Q リボ払い、分割払い、キャッシングも自己破産の対象になりますか
いずれも、手続開始前に生じた債務であれば、原則として自己破産の対象になります。支払方法が違っても、整理される債務である点は変わりません。
Q 保証人がいる場合、家族に請求がいきますか
可能性は高いです。自己破産の免責は保証人には及ばないため、債権者は保証人に請求できます。保証人がいる債務がある場合は、手続の選択を含めて慎重に考える必要があります。
Q 浪費やギャンブルがあると、絶対に免責されませんか
絶対ではありません。浪費やギャンブルは免責不許可事由になり得ますが、実務では事情を総合して裁量免責が認められることもあります。事実を隠さず、必要資料をそろえて誠実に対応することが重要です。
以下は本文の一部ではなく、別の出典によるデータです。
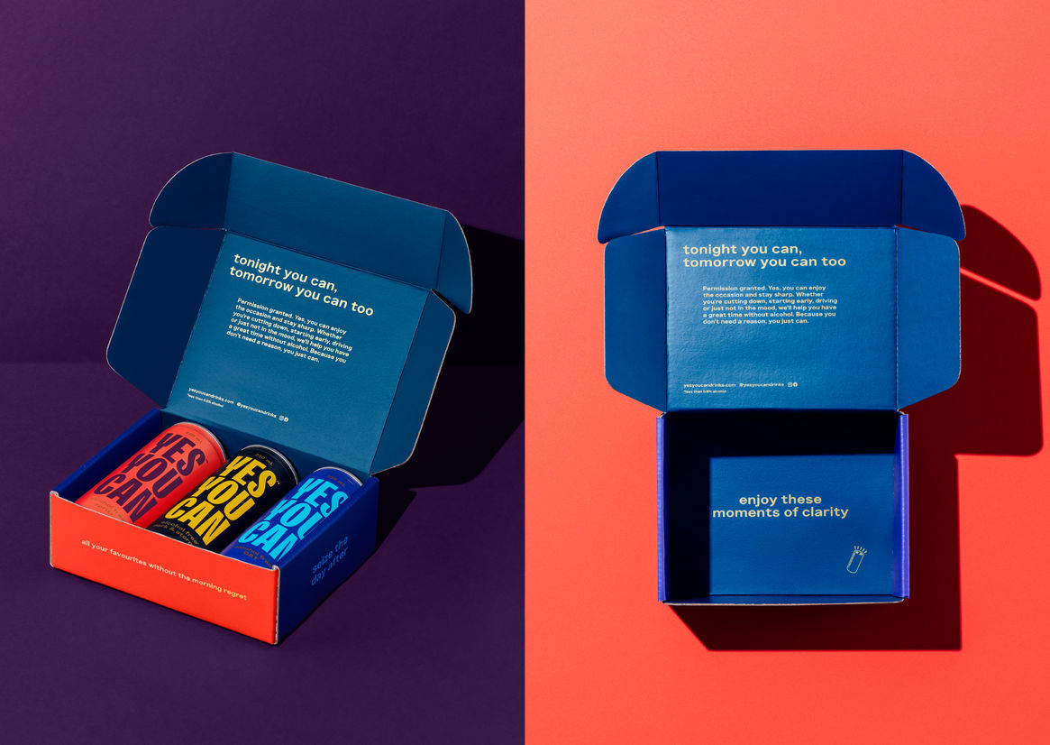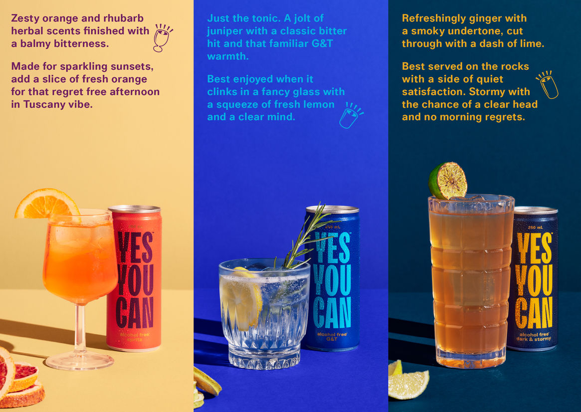 Given the challenge above, and the audience we’re talking to, we established early that Yes You Can was going to be a refreshingly positive, inclusive, and non-judgmental brand. The brand name is a statement of intent, referencing the willpower required to cut down, giving you permission to do your own thing, or if you just want to pace yourself by mixing your drinking with a non-alc breather, now you can.

Q 信用情報が回復したら、すぐにクレジットカードを作れますか
必ず作れるわけではありません。審査は各社の判断です。収入の安定、延滞のない生活、申込みの仕方なども影響します。まずはカードに頼らない生活を安定させることが大切です。
まとめ
クレジットカードの借金は、自己破産で整理できる債務の典型です。ショッピング、リボ払い、分割払い、キャッシングも、基本的には自己破産の対象になります。
ただし、浪費やギャンブル、換金行為があると、免責の審査は厳しくなります。保証人がいる借金も、本人だけの問題では済みません。信用情報にも一定期間影響が残ります。
それでも、返せない借金を返せるふりのまま抱え続けるより、法的な手続で整理して生活を立て直す方がよい場面は確実にあります。カードの支払いが回らず、借りて返す状態を繰り返しているなら、放置するほど苦しくなることが多いです。
自己破産は軽い決断ではありません。ですが、無理な返済を続けて生活そのものが壊れるより、ずっと現実的な選択です。クレジットカードの返済で苦しい状況にあるなら、早めに状況を整理し、適切な手続を検討した方がよいです。